Public Transport Analysis
Transit can be studied from the perspective of demand (ridership), supply (service), and operation.
Global transit feed specification (GTFS) files and walk network data are the primary sources for creating the network and timetable used in transit analysis.
Transit demand can be estimated using regional travel demand models or simplified transit demand models. In both methods, the assignment process determines the number of passengers for each line. For small-scale studies, or those focused on a specific line, demand can also be estimated through other methods, such as utilizing online transit planning tools and studying similar lines.
In the context of transit modeling, assignment refers to the passengers’ selection of transit connections (transit departures/services boarded in a trip). During transit assignment, a search process identifies all available connections from an origin to a destination within the passenger's desired departure time. Infeasible connections, for example, those that are too long or involve too many transfers, are removed. The transit demand from origin to destination is then distributed among the feasible connections based on a choice model. Optionally, an iterative process can be added to the assignment to account for the capacity restrictions of transit vehicles. Depending on the assignment method, demand-responsive transportation (DRT), also known as on-demand service or micro-transit, and shared micro-mobility (e.g., e-scooter sharing) can also be modeled and analyzed.
It's worth mentioning that onboard travel surveys provide valuable information on rider demographics, trip purpose, and travel patterns. The results of these surveys are first validated based on the transit services and the feasibility of origin to destination paths (linked trips) using their composing legs (unlinked trips).

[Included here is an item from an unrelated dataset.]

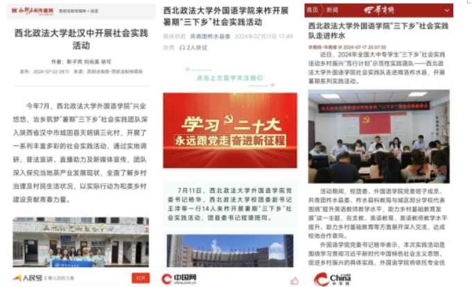 在今年暑期“三下乡”社会实践活动中,公司在公司机关党委、校团委的大力支持下,获批公司山阳专项重点团队1支,校级自主申报团队立项1支,公司专项重点团队立项1支;其中1支团队获批2024年全国老员工文明旅游暑期实践活动立项并结项,1支团队获评2024年全国老员工“乡村振兴·青春笃行”陕西省示范专项团队,1支团队获批文明实践看陕西省级立项并结项(公司连续2年获评立项)。公司共计9支队伍分别奔赴山西、河南、宁夏、陕北、陕南等地开展实践活动。公司员工团队活动实践成果受到中国网、人民日报客户端、中国日报、中国青年网、中华网、中青校园网、华商网、搜狐网、三秦学子陕西学联、西部法制传媒网、共青团汉中团市委、共青团柞水县委等国内省内25家媒体报道,浏览量达2万余次。同时也顺利贯彻了《365英国上市公司2024年度助力乡村振兴工作计划》的重要工作内容,圆满完成公司助力乡村振兴相关工作。

Transit service studies focus on how effectively an area is covered or serviced by the system:
Stop catchment area analysis:
A catchment area, also referred to as a service area or coverage area, is the region around a transit stop from which people can reasonably access that stop. The size of this area varies depending on the transit system, the availability of infrastructure like bike lanes, and the demographics of the population. Intersecting (overlapping) the catchment area with land use data helps to determine the number of people or attraction units (e.g., jobs, university seats) that can potentially be serviced by the system.
Isochrones analysis:
Also known as contour lines analysis, isochrones analysis involves calculating and mapping the travel time (or impedance) of traveling from one place to other locations (or traveling to one place from other locations), typically displayed with different colors. In this analysis, the focus is on the travel itself rather than the land uses at specific locations.
Accessibility analysis:
Accessibility is defined as the number of attraction units that can be reached from a given location within a reasonable amount of time. Both travel (service/timetable/departures) and land use are studied in accessibility analysis, which serves as a crucial measure of equity in transportation. To gain a greater understanding of the accessibility analysis, consider watching our in-depth webinar on this topic.
The type and size of the fleet can be determined through line blocking (vehicle scheduling). The outcome of this process is an optimal solution for allocating designed timetable departures to the fleet, which in turn helps determine procurement and operational costs.
Transit operation and their interactions with passengers, other vehicles, and intersection can be studied using micro-simulation modeling.
In this type of study, transit vehicles are coded with their departure times. Passengers interact realistically, reflecting crowded conditions, and resulting transit delays and/or passengers being unable to board. Intersection control methods (including transit signal priority, TSP) are precisely modeled.
This analysis can help achieve a realistic timetable design and improved system components such as vehicles, stations, and intersection control.